The highest echelons of the Army and Air Force voiced concerns recently over COVID-19's impact on 2020 suicide rates among active-duty troops.
The Department of Defense still declines to admit a definitive link exists -- or do much about it.
“COVID adds stress,” Gen. Charles Brown, the Air Force chief, said last week. “From a suicide perspective, we are on a path to be as bad as last year. And that’s not just an Air Force problem, this is a national problem because COVID adds some additional stressors – a fear of the unknown for certain folks."
“I can't say scientifically, but what I can say is - I can read a chart and a graph, and the numbers have gone up in behavioral health-related issues,” Army Secretary Ryan McCarthy told the Associated Press.
The pandemic has led to long quarantine periods closed in barracks rooms, unexpected extensions for trainings and deployments, and travel restrictions that have kept service members separated from their families for more than six months. The numbers appear to support Brown and McCarthy's concerns. The Associated Press reported last week that military suicides have increased by as much as 20% this year compared to the same period in 2019. In July alone, 35 soldiers died by suicide.
But DoD is so far hesitating to release those 2020 numbers and arguing it's "premature" to link an increase this year to the pandemic.
"It's too early to determine whether suicide rates will increase for calendar year 2020," Director of the Defense Suicide Prevention Office Dr. Karin Orvis said during a Pentagon briefing Thursday. "We'll need to have the full year of data and investigations completed to determine the cause of death. What may be looking like an increasing or decreasing trend in raw counts may not be statistically meaningful once we have all the data."
Quarterly suicide counts can be misleading, Orvis explained. Second-quarter suicide rates are expected to be released this week and will likely show an increase in troop suicides. But by the end of 2020, those counts could have changed in "statistically meaningful" ways as investigations conclude different causes of death from what was originally reported, Orvis said.

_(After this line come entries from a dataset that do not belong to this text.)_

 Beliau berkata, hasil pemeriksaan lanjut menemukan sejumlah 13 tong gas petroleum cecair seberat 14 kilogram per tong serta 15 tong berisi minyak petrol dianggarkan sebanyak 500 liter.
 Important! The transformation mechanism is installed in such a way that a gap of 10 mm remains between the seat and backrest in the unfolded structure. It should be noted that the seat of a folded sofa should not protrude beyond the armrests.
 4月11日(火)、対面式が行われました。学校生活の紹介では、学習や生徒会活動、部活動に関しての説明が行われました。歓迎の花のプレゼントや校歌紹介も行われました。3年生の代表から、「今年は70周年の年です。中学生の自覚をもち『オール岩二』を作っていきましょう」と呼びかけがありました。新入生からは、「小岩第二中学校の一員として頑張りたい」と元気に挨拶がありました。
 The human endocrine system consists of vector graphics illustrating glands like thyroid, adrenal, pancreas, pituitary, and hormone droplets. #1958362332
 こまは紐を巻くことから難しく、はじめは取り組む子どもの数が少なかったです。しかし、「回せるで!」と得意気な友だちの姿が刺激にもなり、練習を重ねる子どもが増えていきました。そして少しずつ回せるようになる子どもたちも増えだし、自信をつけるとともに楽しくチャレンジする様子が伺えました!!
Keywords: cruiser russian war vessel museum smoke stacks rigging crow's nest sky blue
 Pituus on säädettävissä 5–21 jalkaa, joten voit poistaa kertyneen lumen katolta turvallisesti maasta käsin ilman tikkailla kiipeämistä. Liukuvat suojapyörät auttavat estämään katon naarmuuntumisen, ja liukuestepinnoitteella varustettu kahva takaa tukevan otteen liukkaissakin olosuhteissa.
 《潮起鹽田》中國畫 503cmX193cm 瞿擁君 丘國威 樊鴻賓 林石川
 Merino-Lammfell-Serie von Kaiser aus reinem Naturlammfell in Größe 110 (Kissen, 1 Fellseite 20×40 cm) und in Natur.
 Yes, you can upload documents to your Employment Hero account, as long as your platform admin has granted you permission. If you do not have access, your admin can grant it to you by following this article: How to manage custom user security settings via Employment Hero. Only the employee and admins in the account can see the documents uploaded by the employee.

In short, according to Orvis, the DoD won't be able to definitively say the pandemic is creating a spike in troop suicide deaths until 2022. In the meantime, those deaths may or may not be "statistically meaningful."
However, the DoD officials say they're "taking actions" by emphasizing social connectedness and media channels.
These are not revolutionary methods. Social media and increased connectedness between troops echo the measures implemented last year and the year before in past attempts to lower suicide rates among the highest-risk demographic -- young and enlisted troops. Those measures have failed to do so even in years that did not coincide with a pandemic.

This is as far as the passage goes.